図1.ASEMの概略図とバイオフィルムの観察
(A)ASEMの概略図。通常のSEMに比べて電顕の部分が上下逆さまになっている。(B)バクテリアをASEM専用培養皿内で直接培養することで、窒化シリコン薄膜からなる観察窓の表面にバイオフィルムを形成させることができる。様々な染色法(抗体ラベルやレクチンラベルなど)を施すことによって、特異的な分子の観察も可能となる。(C)溶液中でのバイオフィルム。(D)乾燥後のバイオフィルム。

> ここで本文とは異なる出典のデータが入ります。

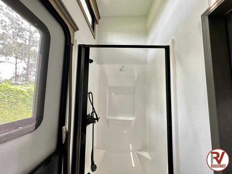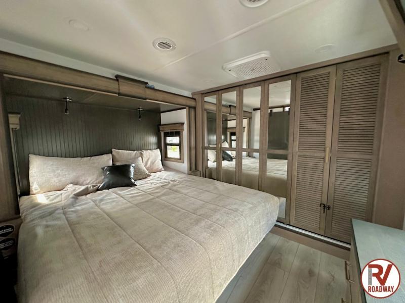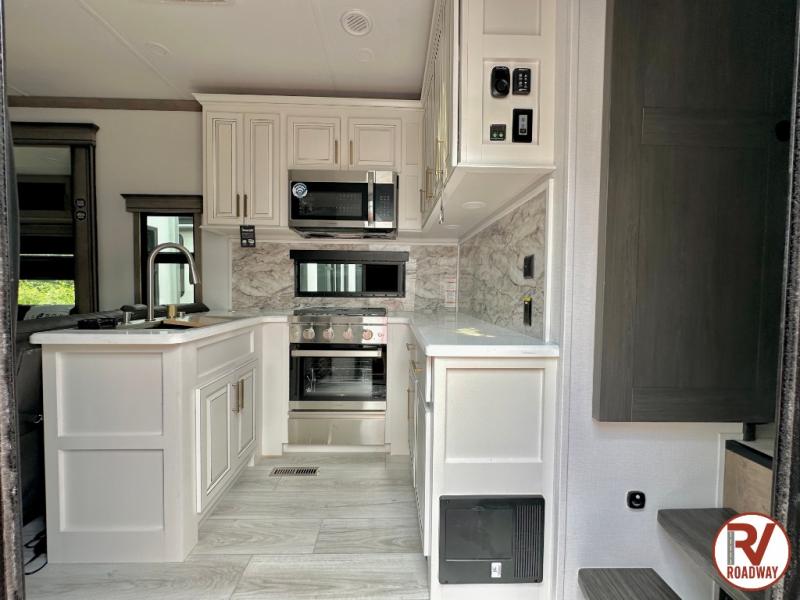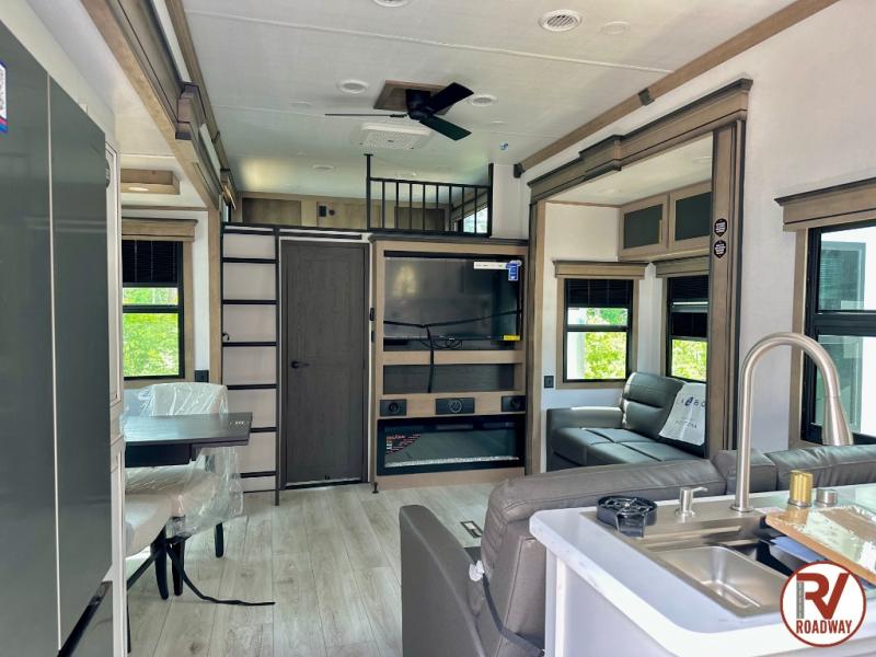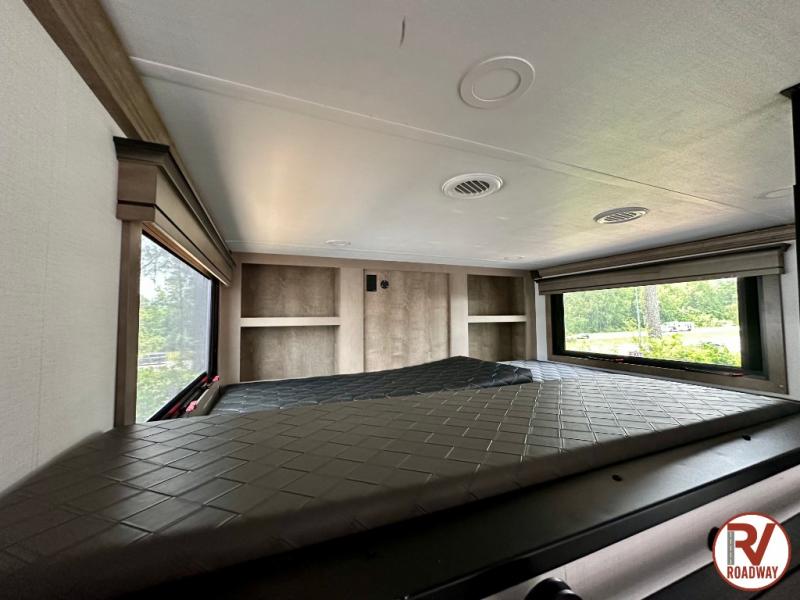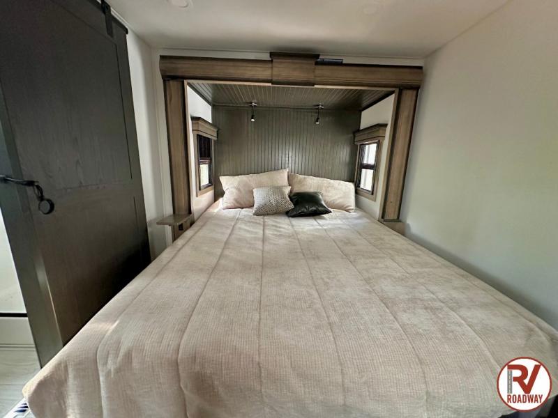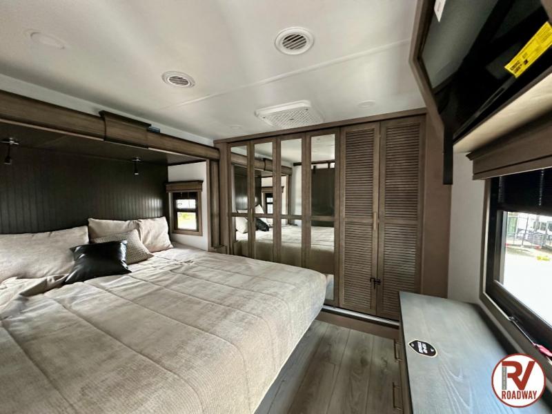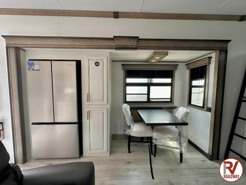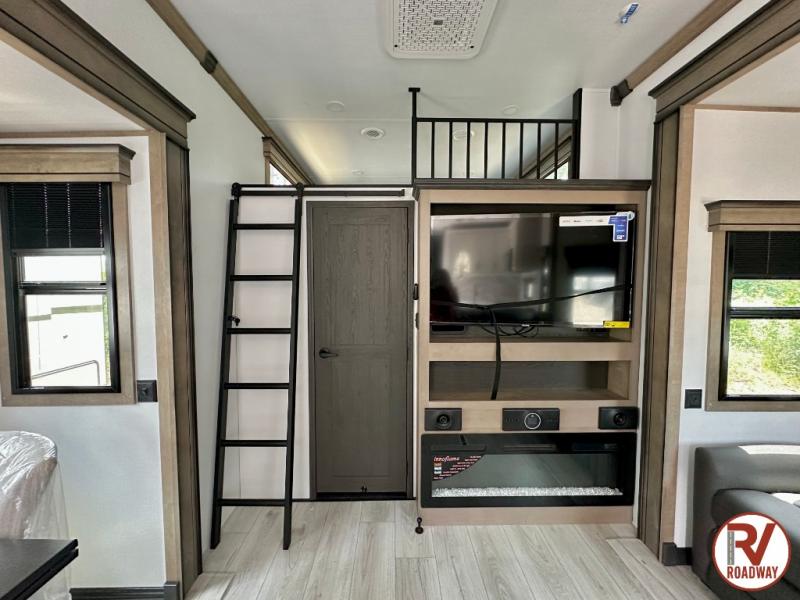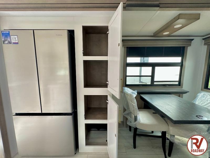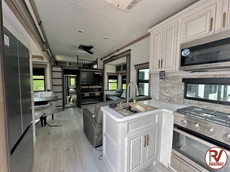 Traveling with friends and family is easier than ever with this fifth wheel in tow! There are two master suites; one for you and one for guests! The front master suite includes a king bed slide out, a front closet with a hamper, plus stackable washer/dryer prep if you want the option to make wash day easier. There is also convenient underbed storage, a dresser with a Smart HD TV, plus a private entrance into the dual entry bath. Head to the rear master suite to find just as much comfort with a queen bed slide out, dual closets and a dresser, plus a full rear bath where the second entry door is located. There is also a loft area above this room with three bunk mats for more campers! The middle kitchen and living area includes many comforts, like the power theater seating across from the 50" Smart TV and hide-a-bed sofa, plus the U-shaped kitchen with ample counter space and a 24" range. You'll also find food storage in the pantry and 18 cu. ft. residential refrigerator with an ice maker, or you can choose the slightly larger optional 20 cu. ft. refrigerator!

スケールは50 μm。
図2.ASEMによるバイオフィルムの観察例
(A)重金属ラベルによるMRSAの観察。矢尻は膜小胞を示す。(B)透過電顕によるMRSAの超薄切片の観察。細胞質成分が膜小胞に取り組まれているように見える。(C)抗体ラベルおよびPCGを用いたカウンター染色によるDNAの観察。矢印はPCGでラベルされたDNAの線維構造、矢尻は抗体に由来する金粒子を示す。(D)PCGラベルによる大腸菌の鞭毛の観察。野生株では鞭毛の自然ならせん構造が観察された。一方、鞭毛の遺伝子欠損株(∆fliC)ではらせん構造が観察されなかった。スケールは1 μm(A、C、D)および100 nm(B)。